Financial distress is also reshaping the market. An increasing number of buildings are unable to transact due to financial challenges, a trend that is expected to drive renewal rates even higher as options for relocation dwindle.

Despite these constraints, law firm leasing activity has surged. Since 2020, the amount of office space leased annually by law firms has climbed from 14.4 million to 19.4 million square feet in 2024—a 34.7% increase. This represents an 8% rise in volume compared to pre-pandemic averages, with projections pointing to a further 10% increase in overall sector-related deals over the next three years1.

With supply tight and demand strong, landlords of premium properties have gained significant pricing power. Rental rates for buildings delivered between 2018 and 2024 have soared by more than 40% over original asking rents, and in some cases, the increases have been even more dramatic. Miami’s 830 Brickell Plaza, for example, recently signed a 27,000-square-foot lease with a financial services firm at a base rate of $190 per square foot—more than double the original asking rent of $75 per square foot. This deal is a stark reminder that law firms are not the only tenants vying for top-tier office space.

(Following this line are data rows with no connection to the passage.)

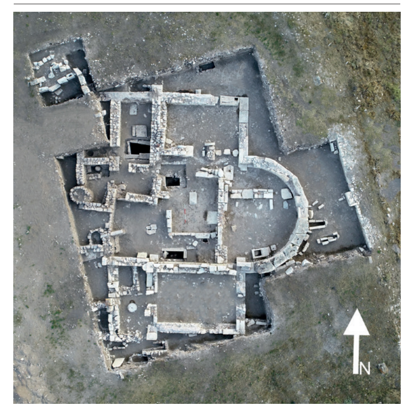
Figure 2 Aerial photograph of Church B trench in the Upper City of Amorium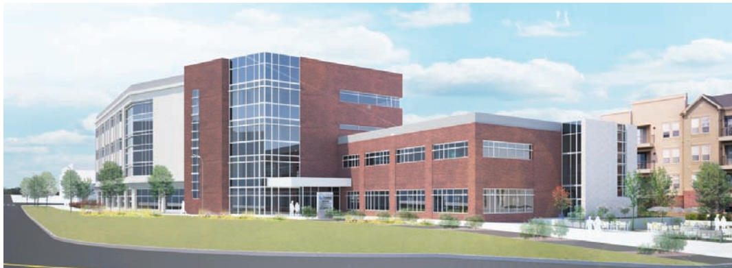
Rendering of Bioscience 2

A new venture next to the Anschutz Medical Campus combines research, business and education - all under one roof.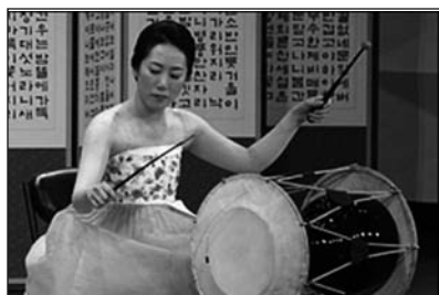
Korea Society—K12 Resources. http://www.koreasociety.org/arts/performing_arts/rhythms_to_make_the_heart_beat_faster.html .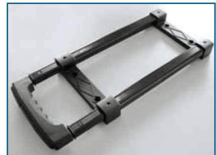
Pull-out-handle 400 110 2 stages extendable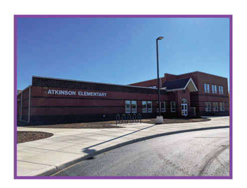
1100 Delaware Ave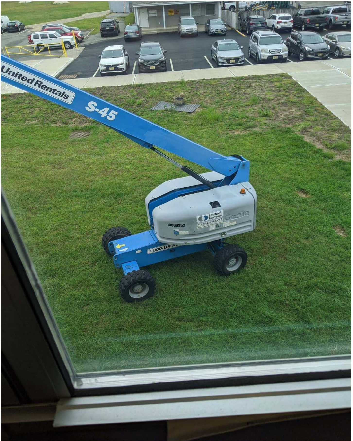
View of high-low equipment for antenna installation at Southern Regional High School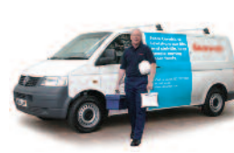
Lift Service and Repair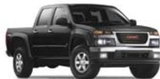
CARBON BLACK METALLIC** EXTRA-COST COLOR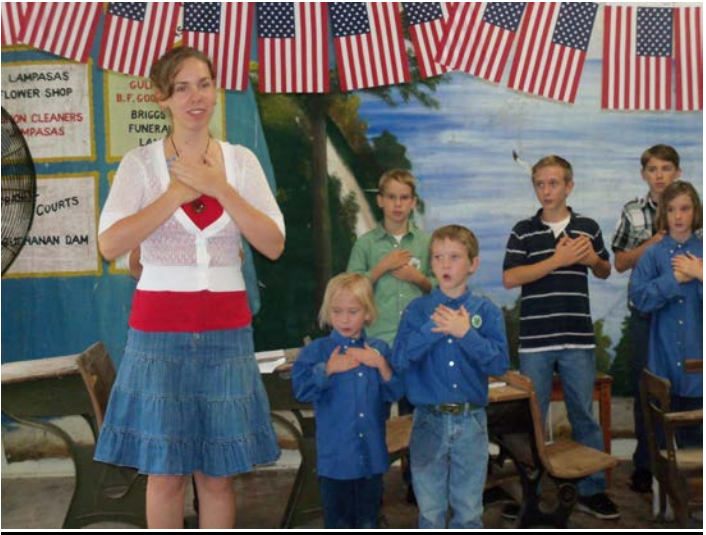
Members of the Kempner Oakalla 4H club saying the 4H Pledge prior to their patriotic speeches on May 24 th at the Oakalla Community Center.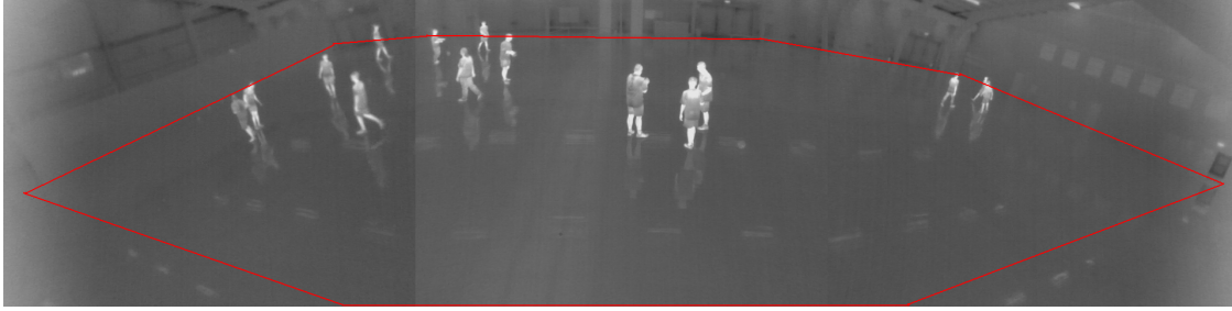
Figure 5. Example of the thermal image, with the outline of the court drawn as a red line.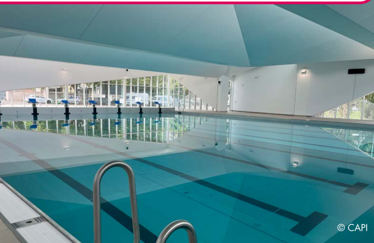
| Intercommunal swimming pool Alice Milliat in Bourgoin-Jallieu

More informations on www.piscine-global-europe.com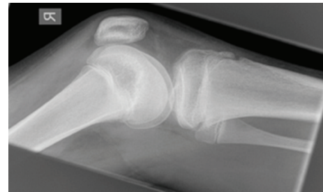
FIGURE 4: Lateral radiograph of the right knee taken seven weeks after injury.

the range of movement of the knee. He was also referred to physiotherapy.

The move to high-end buildings is exemplified by McDermott Will & Emery’s recent lease at 725 12th St. NW in Washington, D.C. The firm committed to 150,000 square feet over a 15-year term, securing the top five floors of a new 320,000-square-foot development. The building’s owner, BXP (formerly Boston Properties), is demolishing the existing 12-story structure to make way for a premier, next-generation workplace.